**RECORD SET**:
====

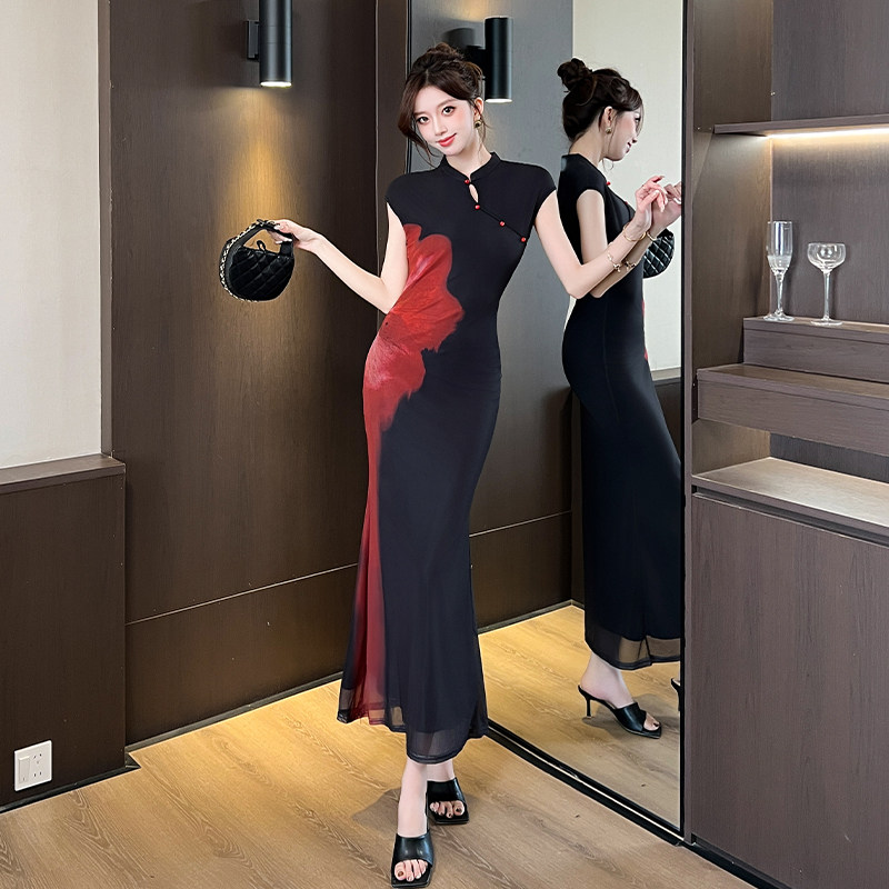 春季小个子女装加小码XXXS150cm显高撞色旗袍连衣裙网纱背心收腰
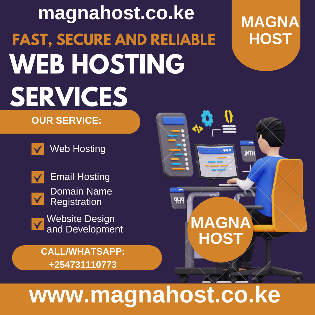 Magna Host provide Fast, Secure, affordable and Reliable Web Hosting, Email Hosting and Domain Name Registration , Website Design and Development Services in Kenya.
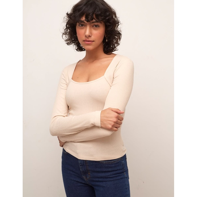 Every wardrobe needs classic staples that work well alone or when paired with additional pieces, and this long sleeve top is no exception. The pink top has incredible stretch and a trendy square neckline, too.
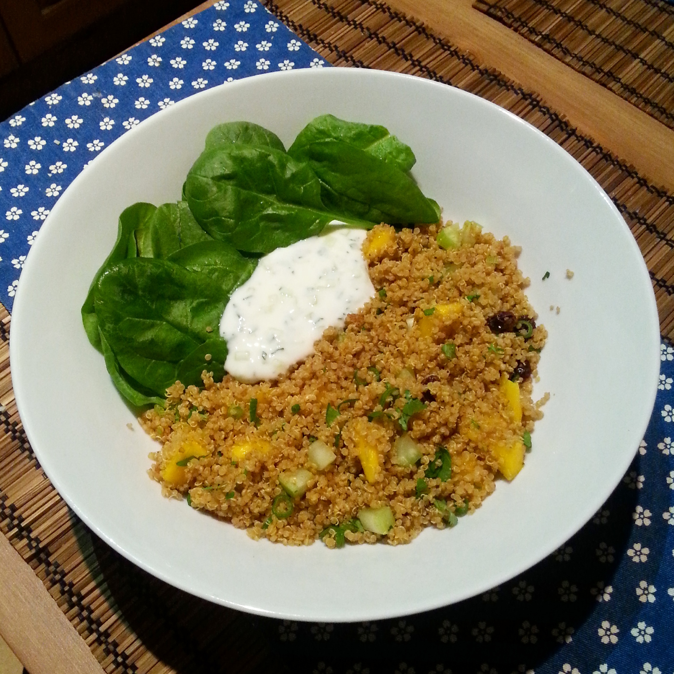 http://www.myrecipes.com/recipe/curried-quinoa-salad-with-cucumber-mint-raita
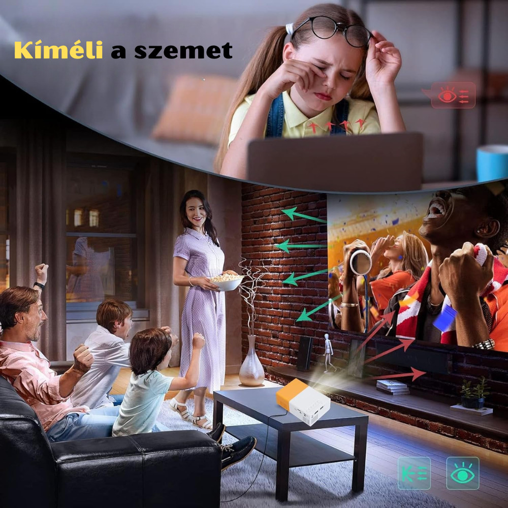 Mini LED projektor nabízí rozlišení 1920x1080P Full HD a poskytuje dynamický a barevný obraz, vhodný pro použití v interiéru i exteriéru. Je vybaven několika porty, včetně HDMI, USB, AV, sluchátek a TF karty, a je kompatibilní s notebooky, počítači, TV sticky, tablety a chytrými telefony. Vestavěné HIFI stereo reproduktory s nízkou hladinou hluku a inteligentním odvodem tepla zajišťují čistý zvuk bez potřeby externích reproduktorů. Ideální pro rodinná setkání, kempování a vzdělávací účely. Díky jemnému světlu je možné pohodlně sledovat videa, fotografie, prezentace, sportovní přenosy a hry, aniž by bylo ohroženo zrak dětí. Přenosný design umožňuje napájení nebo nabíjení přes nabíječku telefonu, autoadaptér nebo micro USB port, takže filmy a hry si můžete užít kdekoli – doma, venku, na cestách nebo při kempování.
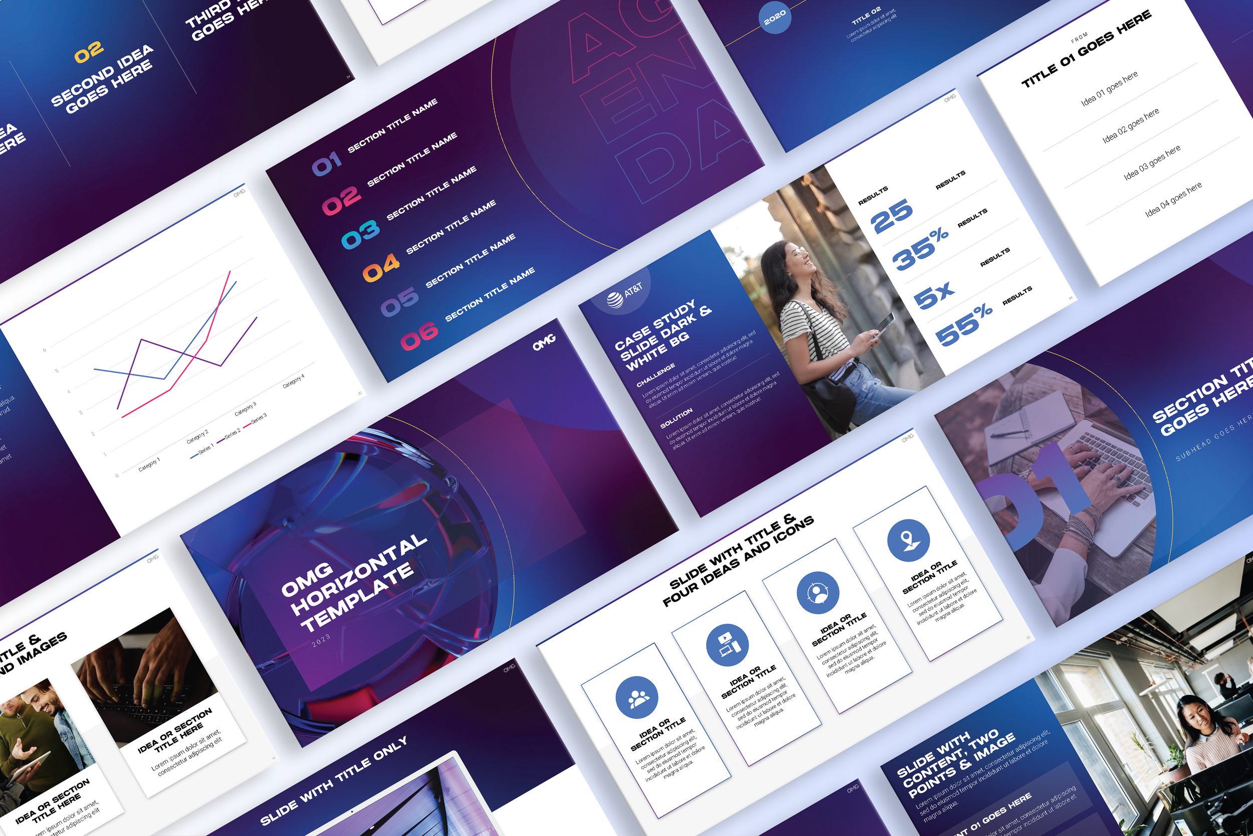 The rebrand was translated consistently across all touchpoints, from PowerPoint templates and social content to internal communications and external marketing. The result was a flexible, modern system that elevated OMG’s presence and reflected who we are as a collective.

====

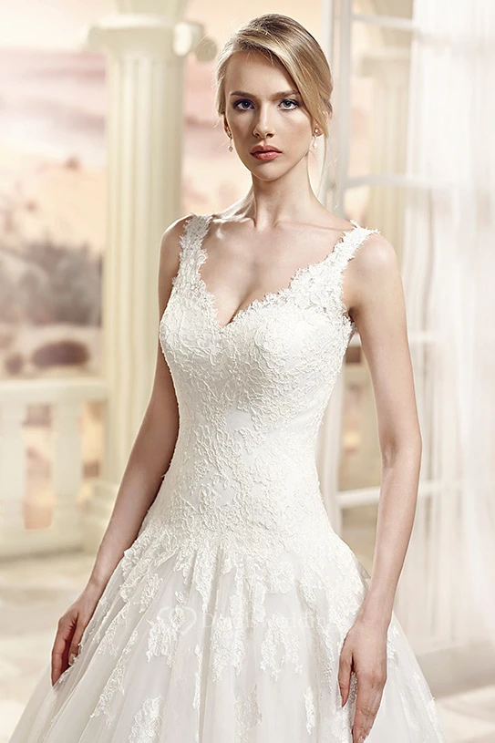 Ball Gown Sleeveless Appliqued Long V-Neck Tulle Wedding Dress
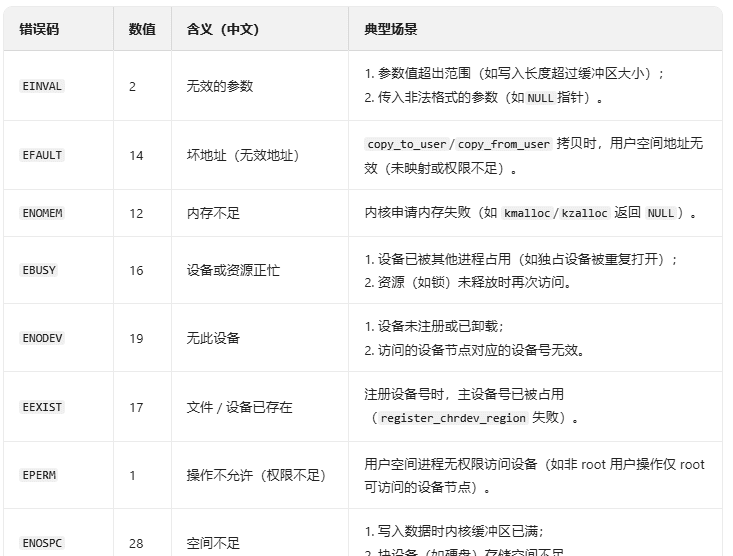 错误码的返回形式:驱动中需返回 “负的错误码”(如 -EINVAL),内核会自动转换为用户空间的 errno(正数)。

====

**WHAT YOU NEED TO DO**:
No picture is to be printed. Output exactly the lines above from the line containing "Mini LED projektor" through the line containing "The rebrand was".

**SOLUTION BELOW**:
 Mini LED projektor nabízí rozlišení 1920x1080P Full HD a poskytuje dynamický a barevný obraz, vhodný pro použití v interiéru i exteriéru. Je vybaven několika porty, včetně HDMI, USB, AV, sluchátek a TF karty, a je kompatibilní s notebooky, počítači, TV sticky, tablety a chytrými telefony. Vestavěné HIFI stereo reproduktory s nízkou hladinou hluku a inteligentním odvodem tepla zajišťují čistý zvuk bez potřeby externích reproduktorů. Ideální pro rodinná setkání, kempování a vzdělávací účely. Díky jemnému světlu je možné pohodlně sledovat videa, fotografie, prezentace, sportovní přenosy a hry, aniž by bylo ohroženo zrak dětí. Přenosný design umožňuje napájení nebo nabíjení přes nabíječku telefonu, autoadaptér nebo micro USB port, takže filmy a hry si můžete užít kdekoli – doma, venku, na cestách nebo při kempování.
 The rebrand was translated consistently across all touchpoints, from PowerPoint templates and social content to internal communications and external marketing. The result was a flexible, modern system that elevated OMG’s presence and reflected who we are as a collective.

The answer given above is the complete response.